**DATASET RECORDS:**
* * * * * * * * *
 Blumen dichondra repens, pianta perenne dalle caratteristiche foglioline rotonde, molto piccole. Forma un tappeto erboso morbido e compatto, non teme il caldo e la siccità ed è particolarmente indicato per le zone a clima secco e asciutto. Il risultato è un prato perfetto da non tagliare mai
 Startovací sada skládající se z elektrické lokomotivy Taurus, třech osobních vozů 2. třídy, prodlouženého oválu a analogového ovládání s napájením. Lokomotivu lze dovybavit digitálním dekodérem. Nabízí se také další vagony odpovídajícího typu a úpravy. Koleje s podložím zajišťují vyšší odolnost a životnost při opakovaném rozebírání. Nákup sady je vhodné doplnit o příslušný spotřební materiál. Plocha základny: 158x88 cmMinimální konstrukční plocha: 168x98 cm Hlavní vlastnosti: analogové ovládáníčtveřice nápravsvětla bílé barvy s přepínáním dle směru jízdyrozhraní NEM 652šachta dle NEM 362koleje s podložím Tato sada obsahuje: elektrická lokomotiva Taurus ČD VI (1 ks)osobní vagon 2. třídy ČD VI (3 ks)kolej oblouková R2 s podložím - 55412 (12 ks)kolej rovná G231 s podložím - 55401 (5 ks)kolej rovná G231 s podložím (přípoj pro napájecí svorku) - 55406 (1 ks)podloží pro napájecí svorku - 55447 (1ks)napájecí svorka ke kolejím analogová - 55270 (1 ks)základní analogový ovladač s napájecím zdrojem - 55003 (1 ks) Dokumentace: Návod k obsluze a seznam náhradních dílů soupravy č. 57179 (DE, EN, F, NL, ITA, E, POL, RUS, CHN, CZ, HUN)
* * * * * * * * *
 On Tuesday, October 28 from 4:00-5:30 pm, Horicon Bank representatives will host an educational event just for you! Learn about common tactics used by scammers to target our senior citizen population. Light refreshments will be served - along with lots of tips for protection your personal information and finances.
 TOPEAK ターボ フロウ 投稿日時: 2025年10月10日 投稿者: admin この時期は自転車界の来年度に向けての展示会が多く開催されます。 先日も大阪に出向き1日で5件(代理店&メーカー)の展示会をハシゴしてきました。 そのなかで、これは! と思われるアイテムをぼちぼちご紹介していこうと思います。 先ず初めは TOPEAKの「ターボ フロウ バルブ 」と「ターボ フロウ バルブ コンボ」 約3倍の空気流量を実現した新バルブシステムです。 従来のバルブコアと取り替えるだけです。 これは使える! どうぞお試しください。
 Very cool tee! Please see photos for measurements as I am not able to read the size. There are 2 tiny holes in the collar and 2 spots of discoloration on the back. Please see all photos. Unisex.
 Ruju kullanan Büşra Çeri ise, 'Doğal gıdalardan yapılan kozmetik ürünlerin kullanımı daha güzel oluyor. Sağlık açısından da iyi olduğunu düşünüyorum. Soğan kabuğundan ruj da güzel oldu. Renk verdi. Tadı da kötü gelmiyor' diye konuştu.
* * * * * * * * *
**EXERCISE DESCRIPTION:** Set down, from the entries above, exactly the lines from the one with "Blumen dichondra repens, pianta" up to and including the one with "Startovací sada skládající", and no other lines.

**ANSWER TO THE PROBLEM:**
 Blumen dichondra repens, pianta perenne dalle caratteristiche foglioline rotonde, molto piccole. Forma un tappeto erboso morbido e compatto, non teme il caldo e la siccità ed è particolarmente indicato per le zone a clima secco e asciutto. Il risultato è un prato perfetto da non tagliare mai
 Startovací sada skládající se z elektrické lokomotivy Taurus, třech osobních vozů 2. třídy, prodlouženého oválu a analogového ovládání s napájením. Lokomotivu lze dovybavit digitálním dekodérem. Nabízí se také další vagony odpovídajícího typu a úpravy. Koleje s podložím zajišťují vyšší odolnost a životnost při opakovaném rozebírání. Nákup sady je vhodné doplnit o příslušný spotřební materiál. Plocha základny: 158x88 cmMinimální konstrukční plocha: 168x98 cm Hlavní vlastnosti: analogové ovládáníčtveřice nápravsvětla bílé barvy s přepínáním dle směru jízdyrozhraní NEM 652šachta dle NEM 362koleje s podložím Tato sada obsahuje: elektrická lokomotiva Taurus ČD VI (1 ks)osobní vagon 2. třídy ČD VI (3 ks)kolej oblouková R2 s podložím - 55412 (12 ks)kolej rovná G231 s podložím - 55401 (5 ks)kolej rovná G231 s podložím (přípoj pro napájecí svorku) - 55406 (1 ks)podloží pro napájecí svorku - 55447 (1ks)napájecí svorka ke kolejím analogová - 55270 (1 ks)základní analogový ovladač s napájecím zdrojem - 55003 (1 ks) Dokumentace: Návod k obsluze a seznam náhradních dílů soupravy č. 57179 (DE, EN, F, NL, ITA, E, POL, RUS, CHN, CZ, HUN)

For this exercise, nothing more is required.